The findings of this report are, without a doubt, just the tip of the iceberg. However, they give an insight into how the industry operates – quickly mobilising to stop any attempt to regulate or restrict the use of plastics, vigorously lobbying against legislation, greenwashing via commitments that focus on end-of-pipe solutions, and shifting responsibility on consumers.
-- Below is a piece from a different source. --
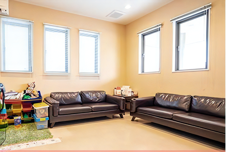 院内は天窓が設けられており、明るく開放感のある空間が広がっています。さらにバリアフリー設計を採用しているため、靴を脱ぐ必要がなく、靴のまま利用できる点も特徴です。また、診療室は個室仕様となっており、プライバシーがしっかりと守られています。

Our plastic-clogged oceans and rivers alone bear witness to the categorical failure of years of voluntary approaches, and show the urgent need to introduce robust legislation and mandatory mechanisms to draw back the tide of plastic pollution. Mandatory collection, in combination with recycled-content targets, is a proven method to reduce plastic pollution and virgin-plastic production and to incentivise product redesign. DRS, in particular, has a track record of achievement – and is a low-hanging-fruit opportunity to help set countries on a path of greater reuse and circularity. Until companies up their game, call for mandatory collection and producer responsibility, and stop delaying and derailing legislation and distracting from their true accountability for the plastics crisis, they are doing no more than talking trash.